Figure 2 The prognostic and diagnostic value of HSPA4 in CMM. (A and B) The TCGA database exhibits Kaplan-Meier plots for overall survival (A) and disease-specific survival (B) comparing high-expression and low-expression groups of HSPA4. (C and D) The GEO database exhibits Kaplan-Meier plots for overall survival (C) and disease-specific survival (D) comparing high-expression and low-expression groups of HSPA4. (E) The ROC curve demonstrates the ability of HSPA4 to differentiate CMM tumor tissues from normal tissues. (F) Nomogram shows the relationship between HSPA4 levels and the predictive survival rates of CMM patients at 1-, 3-, and 5-years with relevant clinical factors.

HSPA4 Knockdown Inhibited the Malignant Behaviors

The results of qRT-PCR revealed that the specific siRNA obviously decreased HSPA4 expression level (Figure 1E). After siRNA interference of HSPA4 expression in A-375 cells, the cell proliferation was evaluated at 1, 2, 3, and 4 days. It was observed that the HSPA4 knockdown group had slower tumor cell proliferation compared to the control group. Specifically, on the 4th day, there was a significant decrease in cell proliferation with statistical significance (P <0.05) (Figure 1F).

The Diagnosis and Prognostic Value of HSPA4 Expression in CMM Patients

According to the Kaplan-Meier survival curves, the high-expression group of HSPA4 in CMM showed worse overall survival (OS, P = 0.006, Figure 2A) and disease-specific survival (DSS, P = 0.035, Figure 2B) compared to the low-expression group, indicating a significant association between high expression of HSPA4 and poor prognosis in CMM. These findings were also confirmed in the validation dataset GSE65094, where CMM cases with high expression of HSPA4 exhibited worse OS (P = 0.004, Figure 2C) and DSS (P = 0.007, Figure 2D) compared to the low-expression group, with significant differences (grouping based on minimizing p-values). The diagnostic value of HSPA4 in CMM was assess with receiver operating characteristic (ROC) curves and shows that HSPA4 has good accuracy and sensitivity in distinguishing tumor tissue from normal tissue in CMM (AUC = 0.812, Figure 2E). We also utilized a forest plot (Figure 2F) to demonstrate how HSPA4 levels predict the 1-, 3-, and 5-year survival rates in CMM patients.
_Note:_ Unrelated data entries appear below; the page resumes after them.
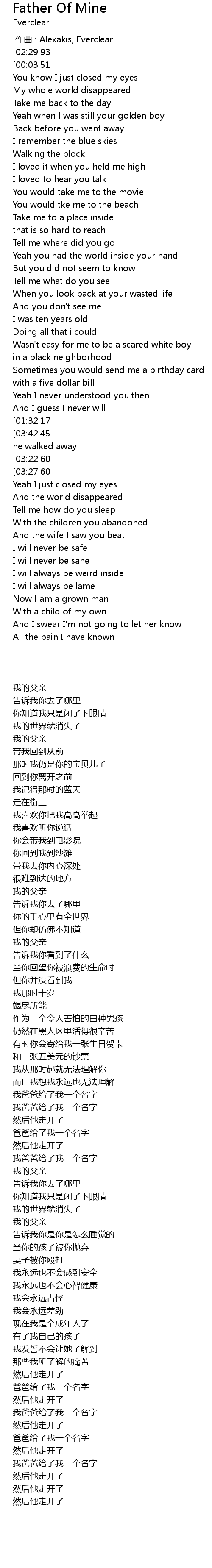 | [02:40.61][02:29.93][01:00.87][00:49.66][00:11.19][00:00.95] | Father of mine |
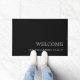 This simple and modern black doormat says "Welcome" in classic, elegant light gray text and has room for your family name or business name.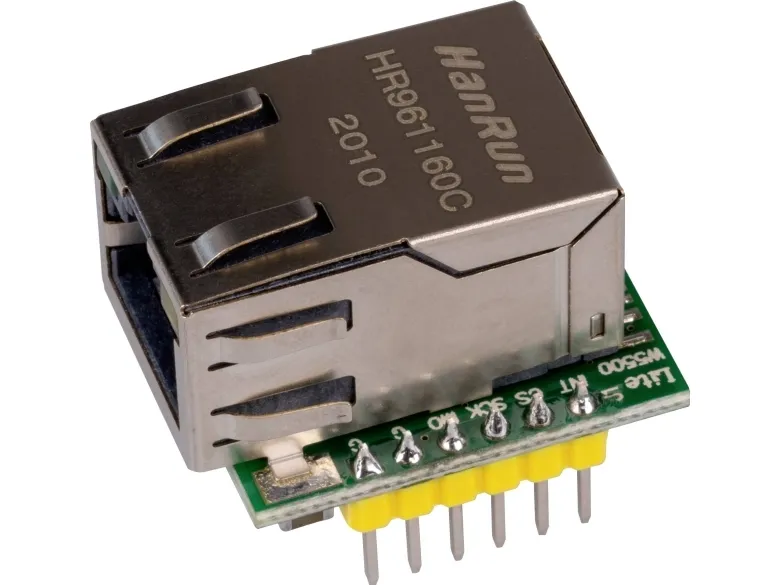 denna SPI - Ethernet-gränssnittskonverter kan din Arduino, Raspberry Pi Pico och liknande kort utökas med ett Ethernet-gränssnitt. Dessutom kan den tack vare sin design integreras perfekt i de mest varierande projekten.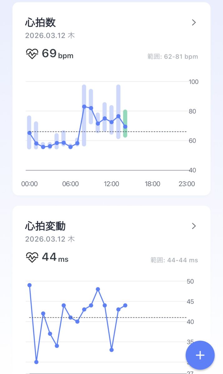 HRVは自律神経の状態や身体の回復状態を示す重要な指標で、トレーニングやコンディション管理の参考にもなるデータです。こうした指標をしっかり記録してくれる点は、スマートリングとして評価できるポイントです。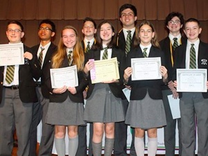 Saint Peter School in Merchantville has rounded out its curriculum with a Latin Studies program for students in all grades. Principal Joseph Saffioti said that nine students from Saint Pete's were recognized for their stellar marks on the National Latin Exam. The test, which is administered globally, requires students to read and interpret passages and answer questions relating to Roman culture, Latin grammar and Latin vocabulary - all in Latin. The exam was administered to the school's 7th and 8th grade honors students, and nine out of the 25 students obtained national recognition for their performance including AnaMair Muller, who obtained a near perfect score. New Jersey is among the more competitive states in terms of the number of students participating in the National Latin Exam, so these initial achievements are no small feat. Furthermore, there is a clear correlation between those students who perform well on this exam and top level performance in all English Language Arts domains.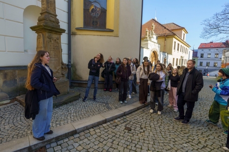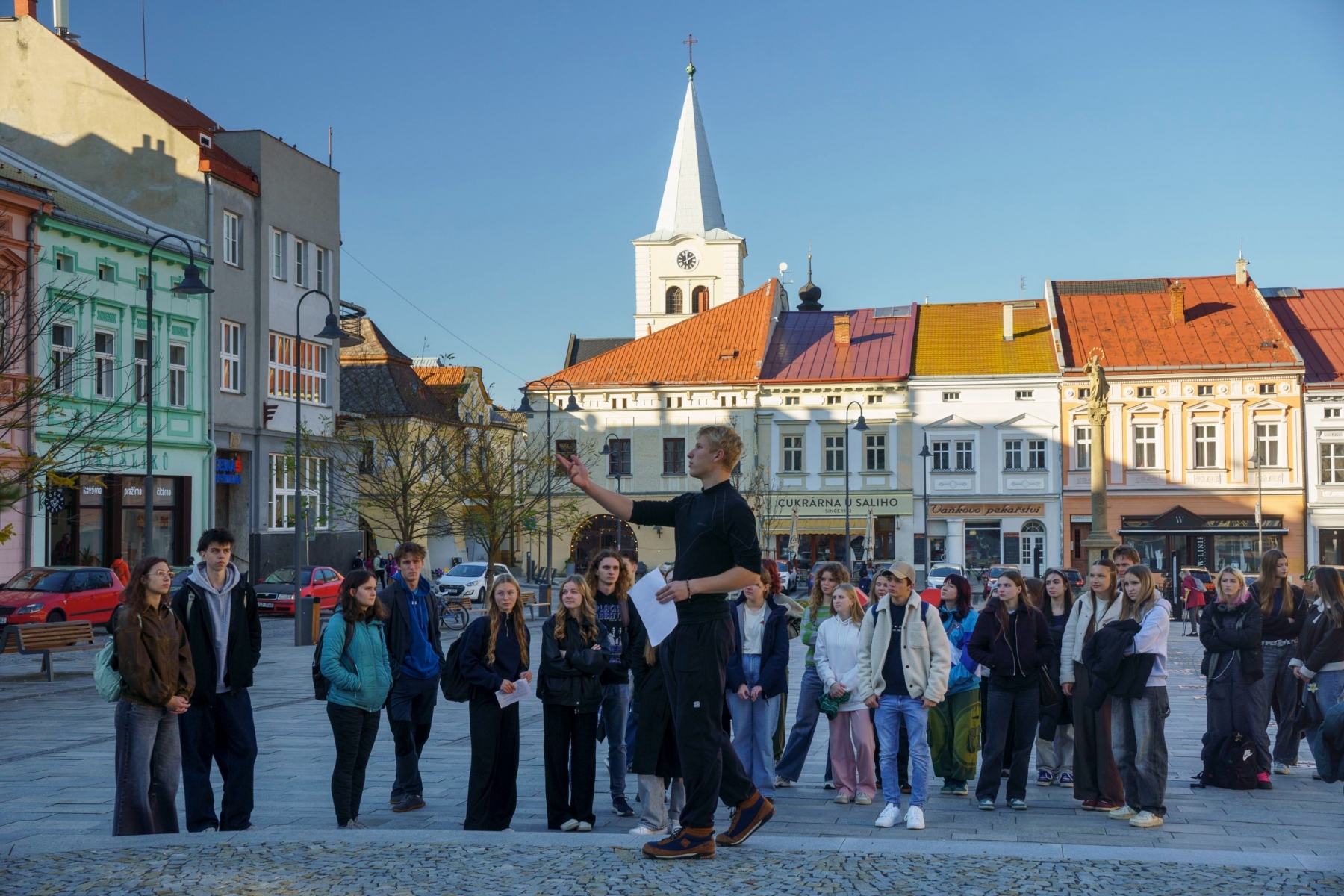 V pátek 7. 11. 2025 naši školu navštívilo 15 studentů a dva učitelé z partnerského gymnázia v Žilině. Spolupracujeme na badatelském projektu Erasmus+ „Karpaty v proměnách času“, zaměřeném na historii i přírodu karpatského regionu, a to včetně našich měst.

Genetic Alteration of HSPA4 in Patients with CMM

To investigate the genetic alterations of HSPA4 in melanoma, we analyzed HSPA4 gene alterations in 622 CMM patients. The results showed that HSPA4 gene alterations were observed in 3% of the patients with CMM (Figure 3A). The alteration frequencies ranged from 9.38% (6/64) to 2.48% (11/444) (Figure 3B). Kaplan-Meier analysis and Log rank test indicated no significant differences in OS (P = 0.0906, Figure 3C) and DSS (P = 0.197, Figure 3D) between the group with HSPA4 gene alterations and the group without alterations.

Figure 3 Gene mutations of HSPA4 in CMM. (A) The overall condition of HSPA4 gene mutations. (B) The mutation status of HSPA4 in CMM in the TCGA database. a. Melanoma (MSKCC, NEJM 2014), 9.38%; b. Metastatic Melanoma (DFCI, Science 2015), 2.73%; c. Skin Cutaneous Melanoma (TCGA, PanCancer Altas) 2.48%. (C and D) Comparison of overall mortality (C) and disease-specific survival (D) between the group with HSPA4 gene alterations and the group without alterations.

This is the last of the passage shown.